[Records contained in a dataset]
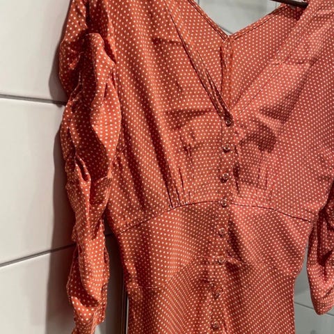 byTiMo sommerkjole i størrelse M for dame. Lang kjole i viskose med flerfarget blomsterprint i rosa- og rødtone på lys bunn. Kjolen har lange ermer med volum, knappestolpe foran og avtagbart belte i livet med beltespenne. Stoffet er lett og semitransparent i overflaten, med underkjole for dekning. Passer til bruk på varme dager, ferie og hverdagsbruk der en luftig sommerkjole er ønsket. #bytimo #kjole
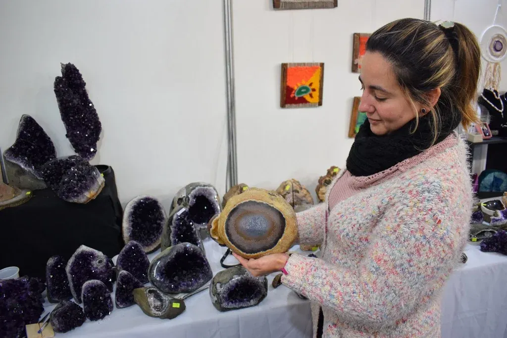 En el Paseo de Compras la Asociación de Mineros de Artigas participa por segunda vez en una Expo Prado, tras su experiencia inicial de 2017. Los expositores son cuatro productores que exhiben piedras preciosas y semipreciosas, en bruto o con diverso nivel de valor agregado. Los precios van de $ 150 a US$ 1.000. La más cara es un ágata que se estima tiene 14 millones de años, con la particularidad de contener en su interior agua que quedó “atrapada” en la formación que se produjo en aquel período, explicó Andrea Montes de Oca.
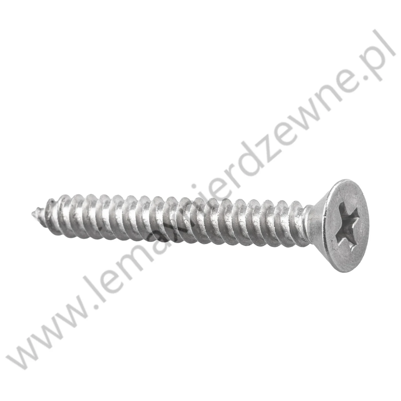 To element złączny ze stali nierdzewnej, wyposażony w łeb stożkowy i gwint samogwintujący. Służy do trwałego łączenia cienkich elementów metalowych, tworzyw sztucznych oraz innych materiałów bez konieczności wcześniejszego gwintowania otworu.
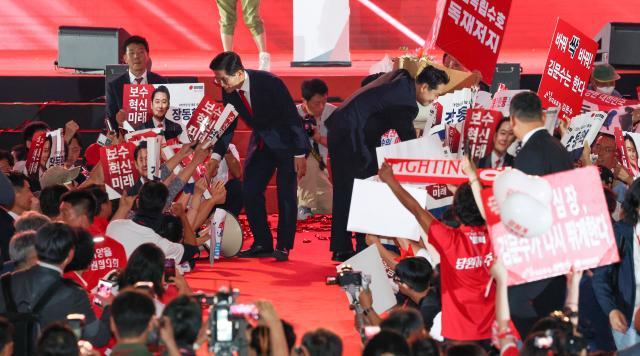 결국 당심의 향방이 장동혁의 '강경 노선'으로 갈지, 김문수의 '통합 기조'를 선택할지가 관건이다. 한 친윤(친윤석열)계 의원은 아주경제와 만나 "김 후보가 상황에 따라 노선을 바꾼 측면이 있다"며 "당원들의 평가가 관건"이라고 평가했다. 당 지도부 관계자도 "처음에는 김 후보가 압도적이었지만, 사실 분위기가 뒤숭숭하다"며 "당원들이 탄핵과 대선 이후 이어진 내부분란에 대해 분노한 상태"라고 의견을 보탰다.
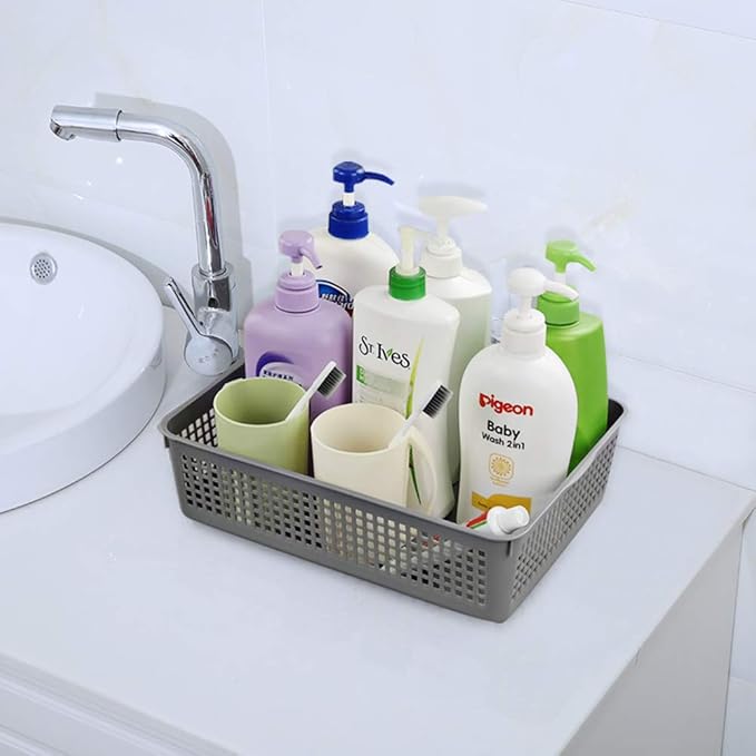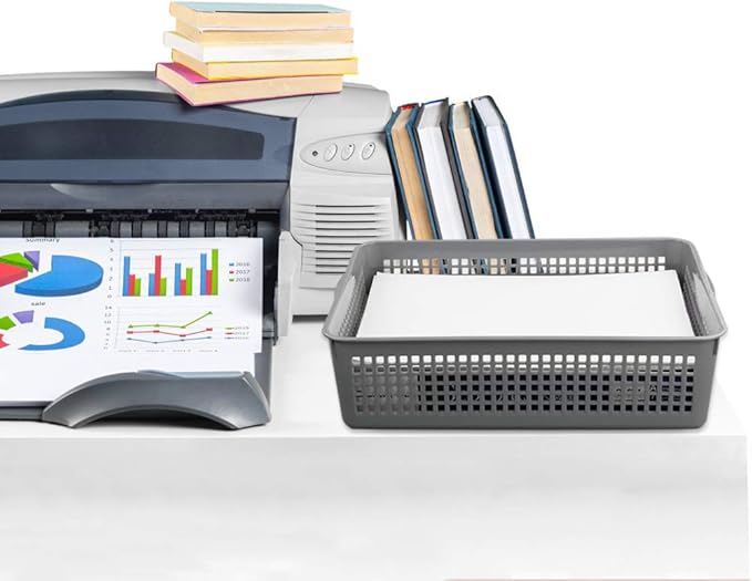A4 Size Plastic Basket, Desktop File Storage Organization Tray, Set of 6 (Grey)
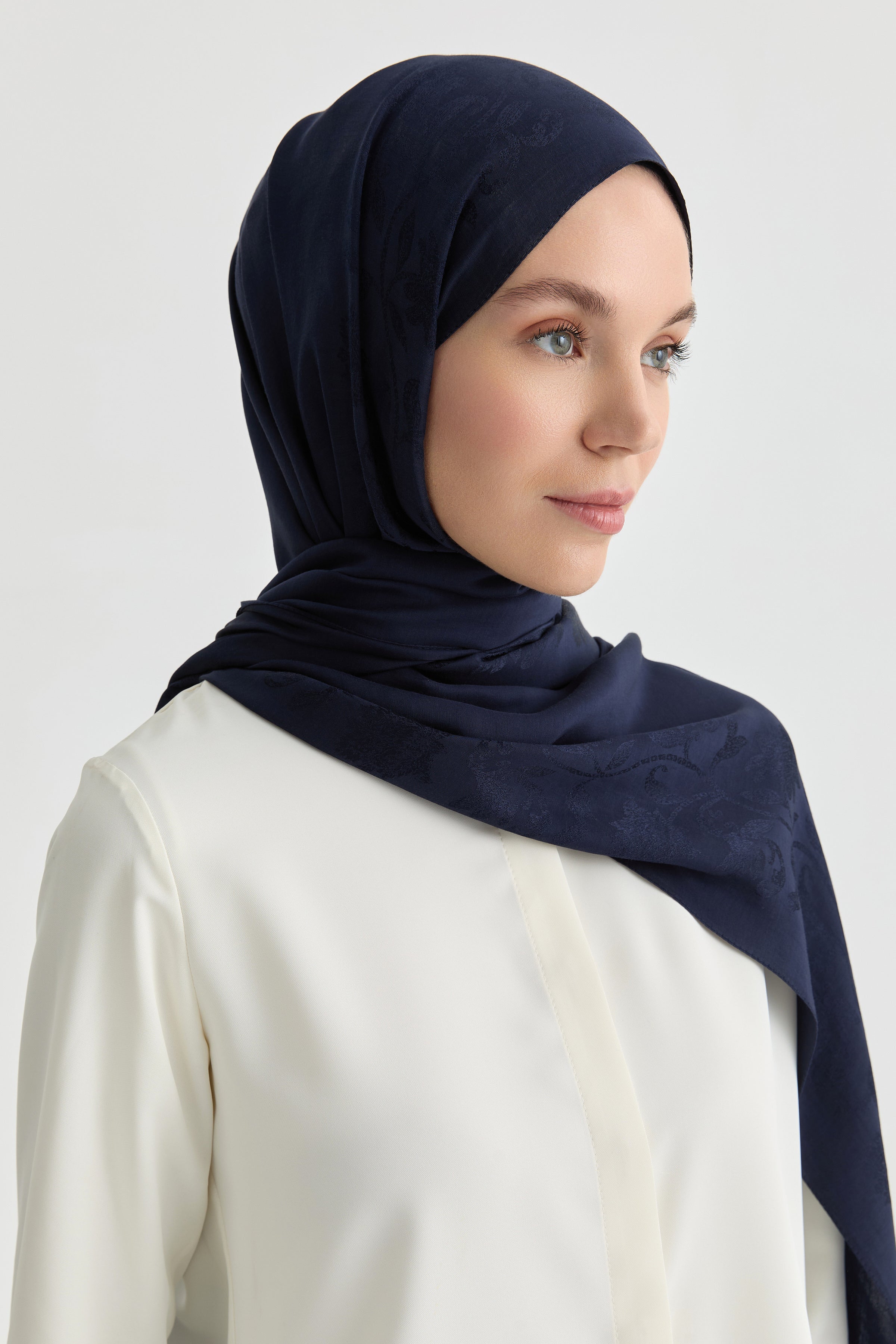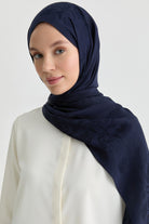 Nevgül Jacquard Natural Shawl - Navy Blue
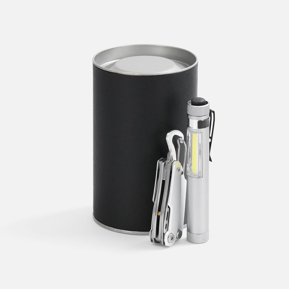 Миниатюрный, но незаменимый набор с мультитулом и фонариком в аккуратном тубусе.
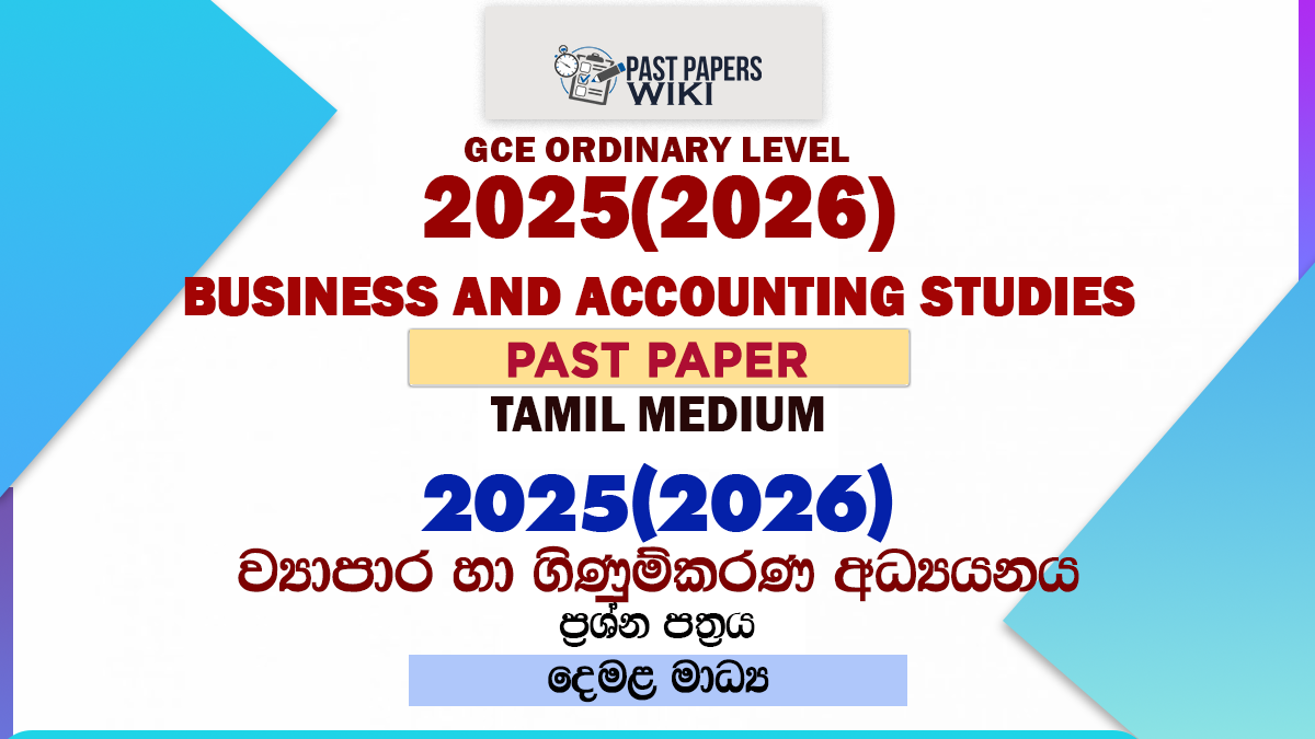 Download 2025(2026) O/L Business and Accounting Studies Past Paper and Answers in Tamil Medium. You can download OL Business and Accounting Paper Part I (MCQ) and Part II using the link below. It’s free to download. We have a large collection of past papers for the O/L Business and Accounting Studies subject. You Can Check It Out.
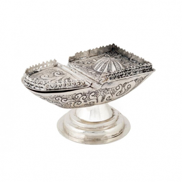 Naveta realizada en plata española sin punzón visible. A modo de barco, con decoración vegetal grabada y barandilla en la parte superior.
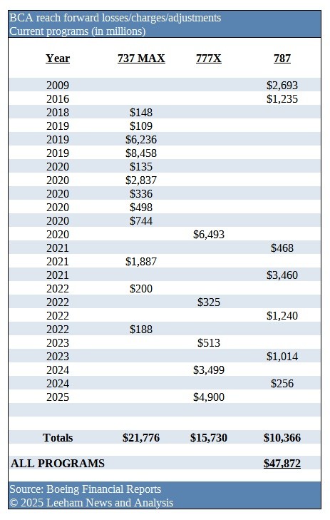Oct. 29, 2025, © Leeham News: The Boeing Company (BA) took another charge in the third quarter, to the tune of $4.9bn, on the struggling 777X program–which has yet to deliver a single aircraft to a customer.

● DIRECTIONS
Write the records out exactly once more, leaving off the pictures.

● SOLVED EXERCISE
 byTiMo sommerkjole i størrelse M for dame. Lang kjole i viskose med flerfarget blomsterprint i rosa- og rødtone på lys bunn. Kjolen har lange ermer med volum, knappestolpe foran og avtagbart belte i livet med beltespenne. Stoffet er lett og semitransparent i overflaten, med underkjole for dekning. Passer til bruk på varme dager, ferie og hverdagsbruk der en luftig sommerkjole er ønsket. #bytimo #kjole
 En el Paseo de Compras la Asociación de Mineros de Artigas participa por segunda vez en una Expo Prado, tras su experiencia inicial de 2017. Los expositores son cuatro productores que exhiben piedras preciosas y semipreciosas, en bruto o con diverso nivel de valor agregado. Los precios van de $ 150 a US$ 1.000. La más cara es un ágata que se estima tiene 14 millones de años, con la particularidad de contener en su interior agua que quedó “atrapada” en la formación que se produjo en aquel período, explicó Andrea Montes de Oca.
 To element złączny ze stali nierdzewnej, wyposażony w łeb stożkowy i gwint samogwintujący. Służy do trwałego łączenia cienkich elementów metalowych, tworzyw sztucznych oraz innych materiałów bez konieczności wcześniejszego gwintowania otworu.
 결국 당심의 향방이 장동혁의 '강경 노선'으로 갈지, 김문수의 '통합 기조'를 선택할지가 관건이다. 한 친윤(친윤석열)계 의원은 아주경제와 만나 "김 후보가 상황에 따라 노선을 바꾼 측면이 있다"며 "당원들의 평가가 관건"이라고 평가했다. 당 지도부 관계자도 "처음에는 김 후보가 압도적이었지만, 사실 분위기가 뒤숭숭하다"며 "당원들이 탄핵과 대선 이후 이어진 내부분란에 대해 분노한 상태"라고 의견을 보탰다.
A4 Size Plastic Basket, Desktop File Storage Organization Tray, Set of 6 (Grey)
 Nevgül Jacquard Natural Shawl - Navy Blue
 Миниатюрный, но незаменимый набор с мультитулом и фонариком в аккуратном тубусе.
 Download 2025(2026) O/L Business and Accounting Studies Past Paper and Answers in Tamil Medium. You can download OL Business and Accounting Paper Part I (MCQ) and Part II using the link below. It’s free to download. We have a large collection of past papers for the O/L Business and Accounting Studies subject. You Can Check It Out.
 Naveta realizada en plata española sin punzón visible. A modo de barco, con decoración vegetal grabada y barandilla en la parte superior.
Oct. 29, 2025, © Leeham News: The Boeing Company (BA) took another charge in the third quarter, to the tune of $4.9bn, on the struggling 777X program–which has yet to deliver a single aircraft to a customer.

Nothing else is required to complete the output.